• Exercise details: Print the lines below from the line with "Flowchart of the" to the line with "haonanhuang 重置2021M复古做旧水洗猫须压褶墨痕纹理牛仔裤" exactly, keeping both ends, and print no pictures.

• Data for the task:
--- START ---
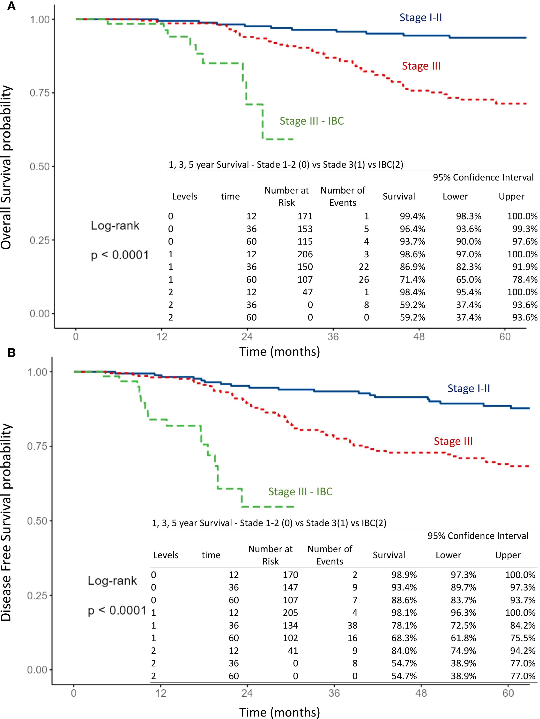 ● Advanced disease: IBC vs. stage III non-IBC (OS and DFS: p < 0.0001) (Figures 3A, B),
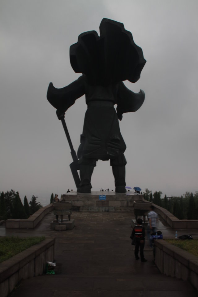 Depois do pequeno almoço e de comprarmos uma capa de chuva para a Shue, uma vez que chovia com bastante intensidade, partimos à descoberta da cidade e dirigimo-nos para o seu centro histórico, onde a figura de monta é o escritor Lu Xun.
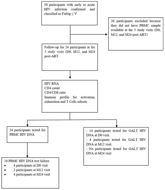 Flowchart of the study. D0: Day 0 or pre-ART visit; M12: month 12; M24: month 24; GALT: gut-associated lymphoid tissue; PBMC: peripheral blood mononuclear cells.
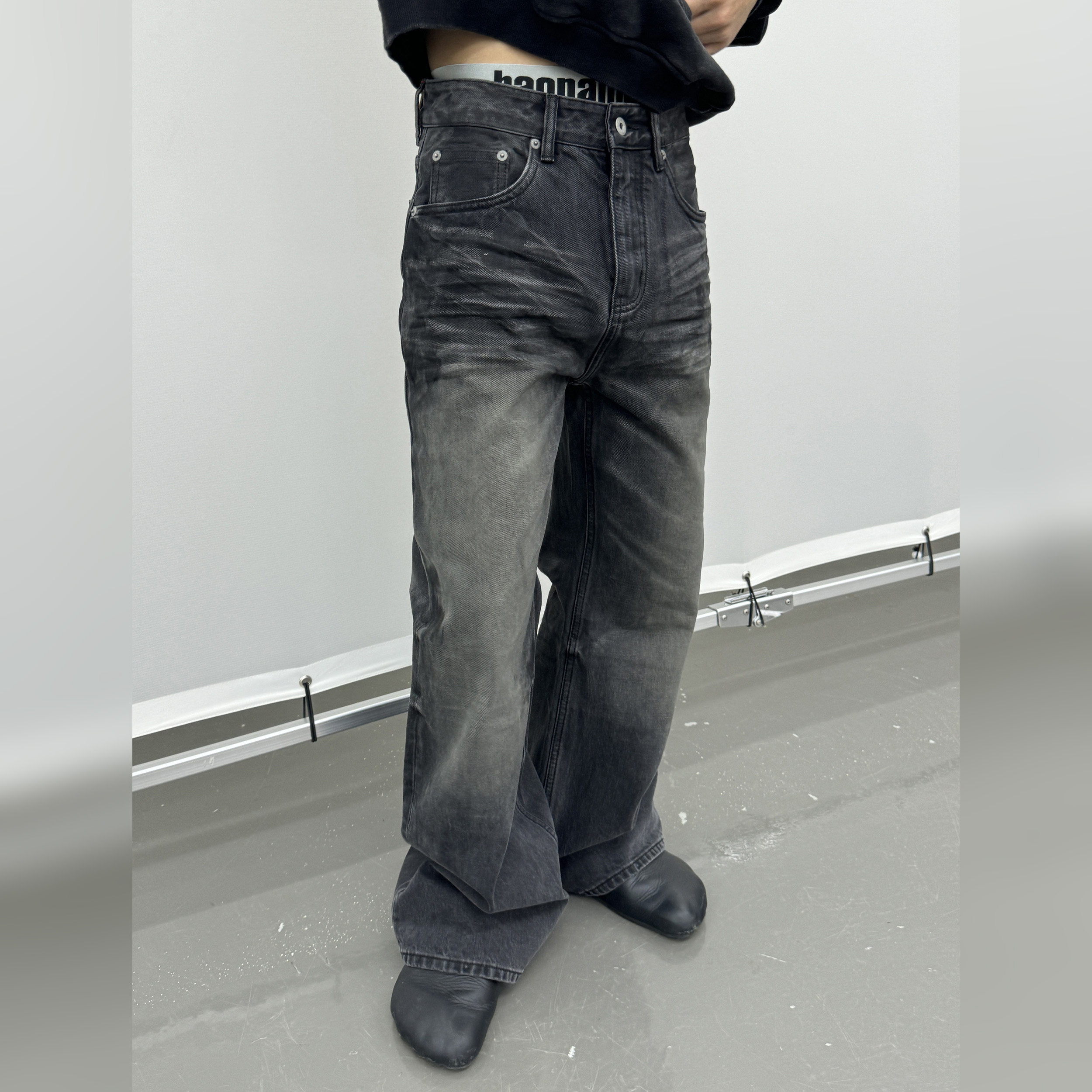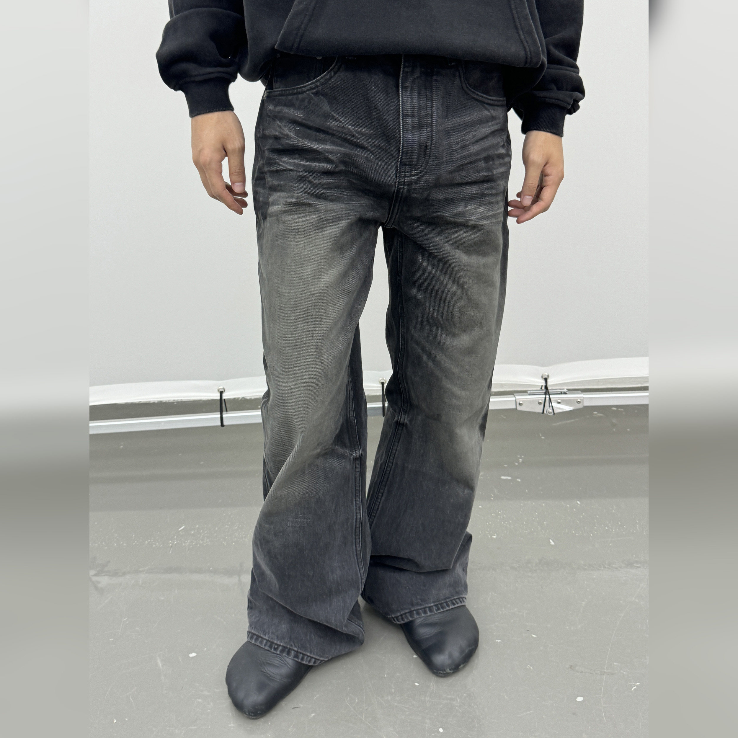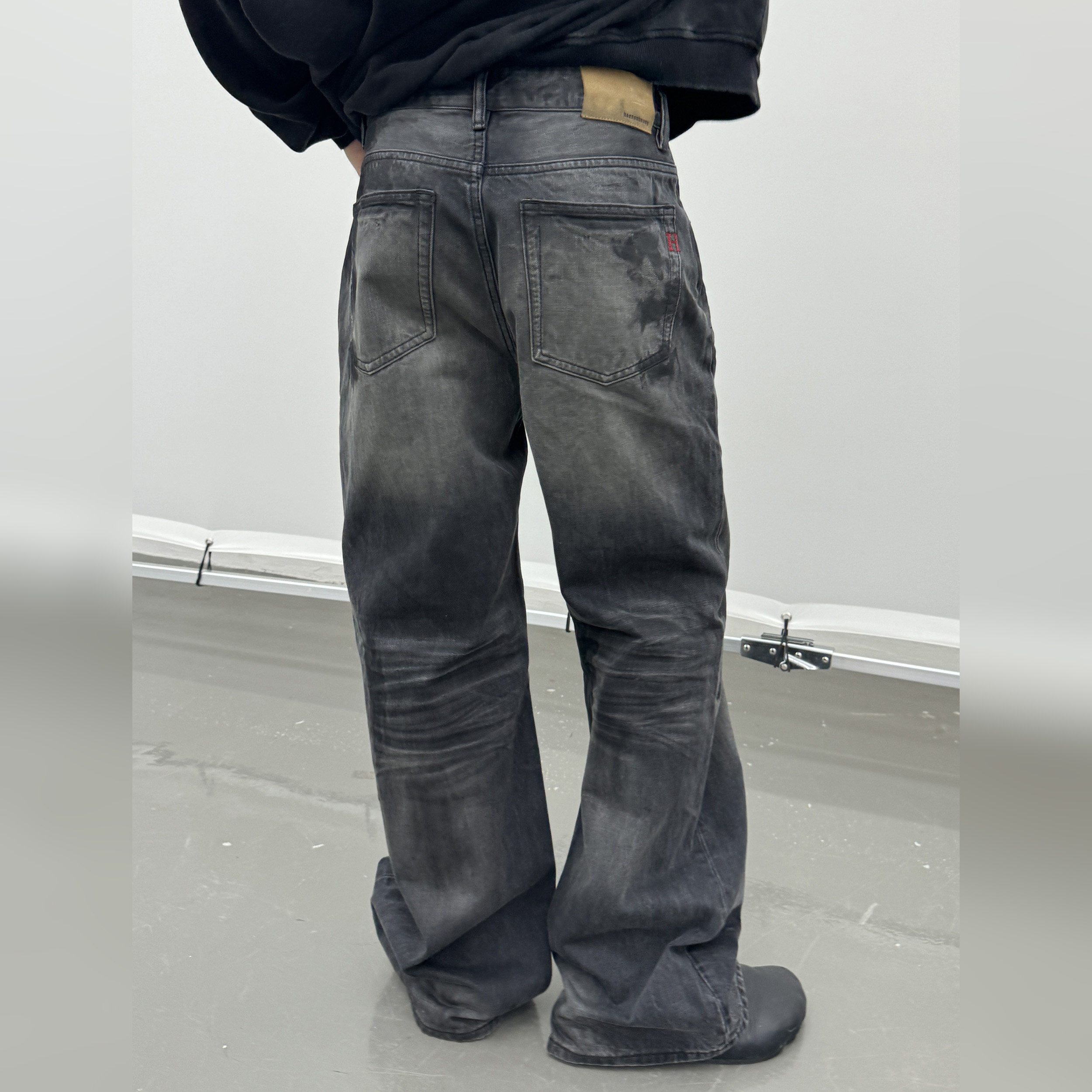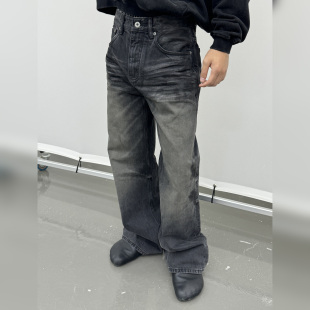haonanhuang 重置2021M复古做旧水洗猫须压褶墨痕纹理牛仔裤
--- END ---
--- START ---
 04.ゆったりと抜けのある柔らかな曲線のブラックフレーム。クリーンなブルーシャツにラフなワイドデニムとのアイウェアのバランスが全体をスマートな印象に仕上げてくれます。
--- END ---
• Solution for this task:
 Flowchart of the study. D0: Day 0 or pre-ART visit; M12: month 12; M24: month 24; GALT: gut-associated lymphoid tissue; PBMC: peripheral blood mononuclear cells.
haonanhuang 重置2021M复古做旧水洗猫须压褶墨痕纹理牛仔裤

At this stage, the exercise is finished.